**TASK DIRECTIONS**
Pictures appear among the records below and must be omitted. Repeat exactly the lines from the line with "The machines were" to the line with "این پک ۳تایی", both included.

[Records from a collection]
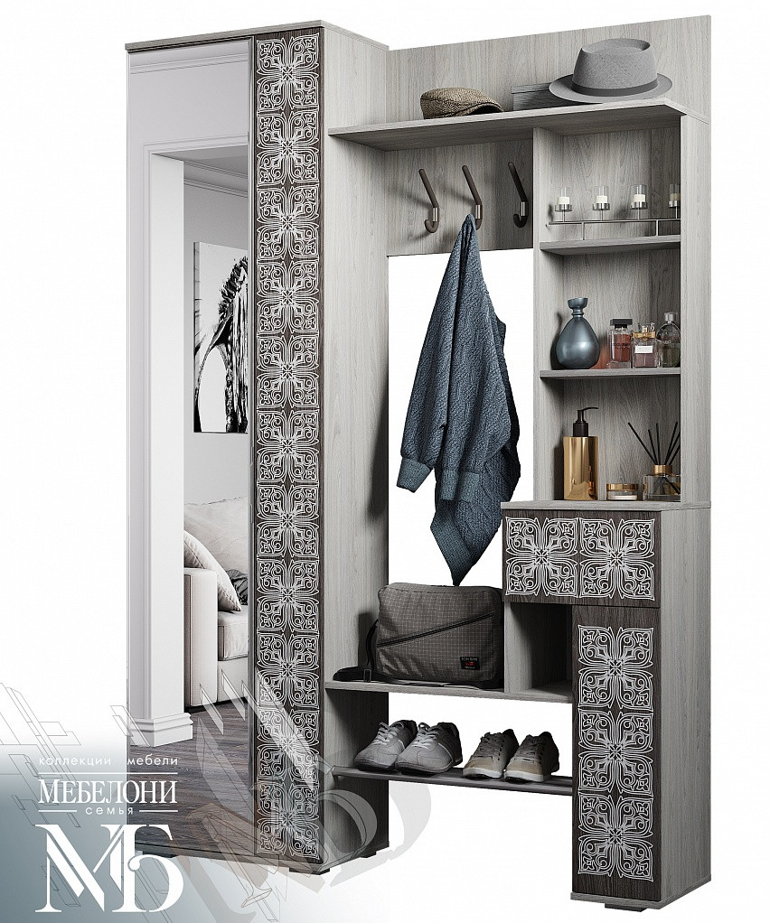 Стильный дизайн, четкость и лаконичность линий, гармоничное сочетание темных и светлых фактур - здесь есть все, чтобы подчеркнуть свою индивидуальность и безупречный вкус. Дополнительным удобством в использовании послужит открытая обувница и возможность сборки модели как на левую, так и на правую сторону.
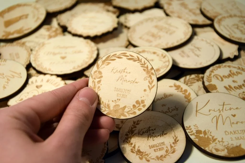 Všetky magnetky vyrábame pre Vás na mieru, preto pri objednávke nezabudnite napísať menáa dátum Vašej svadby.
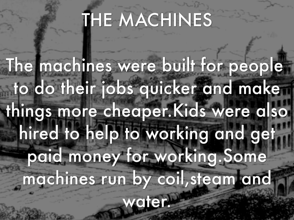 The machines were built for people to do their jobs quicker and make things more cheaper.Kids were also hired to help to working and get paid money for working.Some machines run by coil,steam and water.
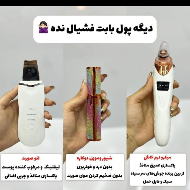 این پک ۳تایی شامل میکرودرم خانگی برای پاکسازی عمیق منافذ و ازبین برنده جوش های سرسیاه، شیور و موزن دوکاره که بدون درد و خونریزی موی صورت را ضخیم نمیکند و اتوصورت برای لیفتینگ و مرطوبکننده پوست است.
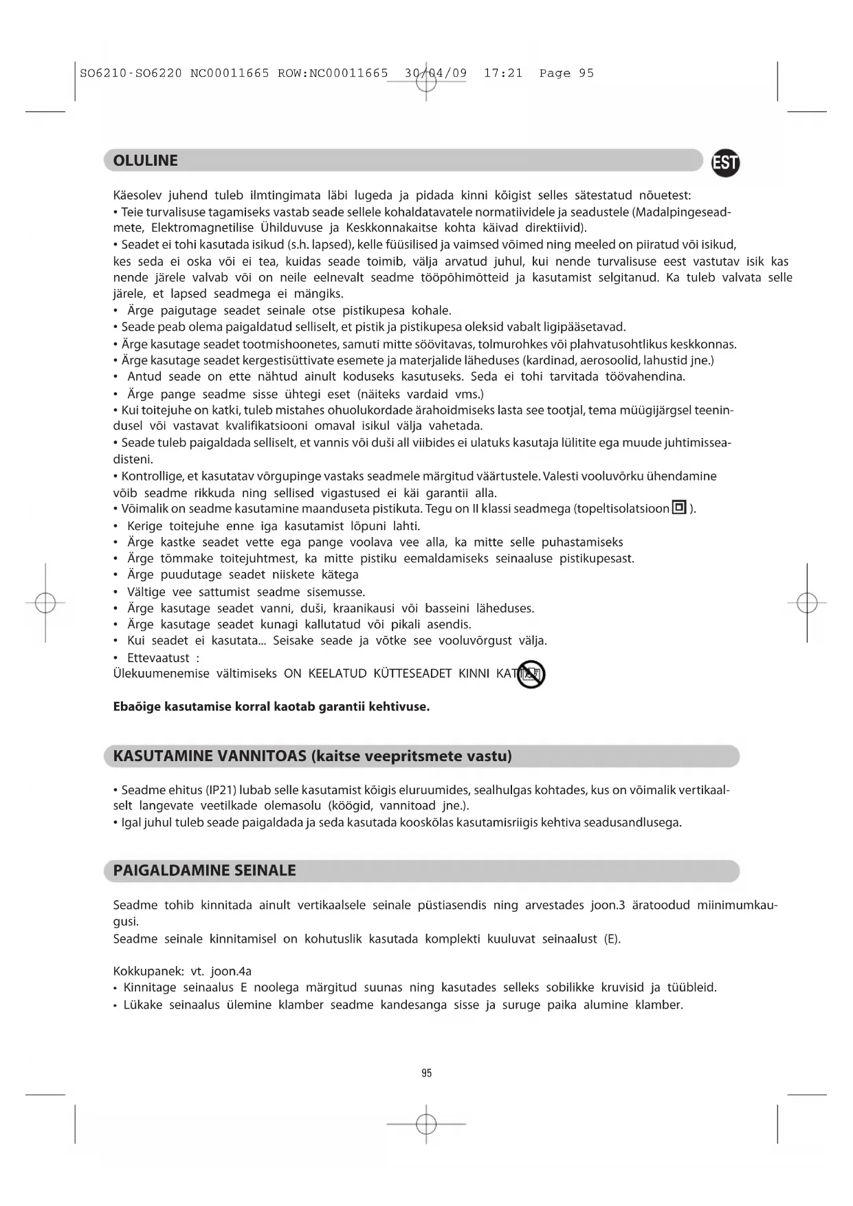 SO6210-SO6220 NC00011665 ROW:NC00011665 30/04/09 17:21 Page 94EST OLULINE Käesolev juhend tuleb ilmtingimata läbi lugeda ja pidada kinni kõigist selles sätestatud nõuetest:

**REPLY**
 The machines were built for people to do their jobs quicker and make things more cheaper.Kids were also hired to help to working and get paid money for working.Some machines run by coil,steam and water.
 این پک ۳تایی شامل میکرودرم خانگی برای پاکسازی عمیق منافذ و ازبین برنده جوش های سرسیاه، شیور و موزن دوکاره که بدون درد و خونریزی موی صورت را ضخیم نمیکند و اتوصورت برای لیفتینگ و مرطوبکننده پوست است.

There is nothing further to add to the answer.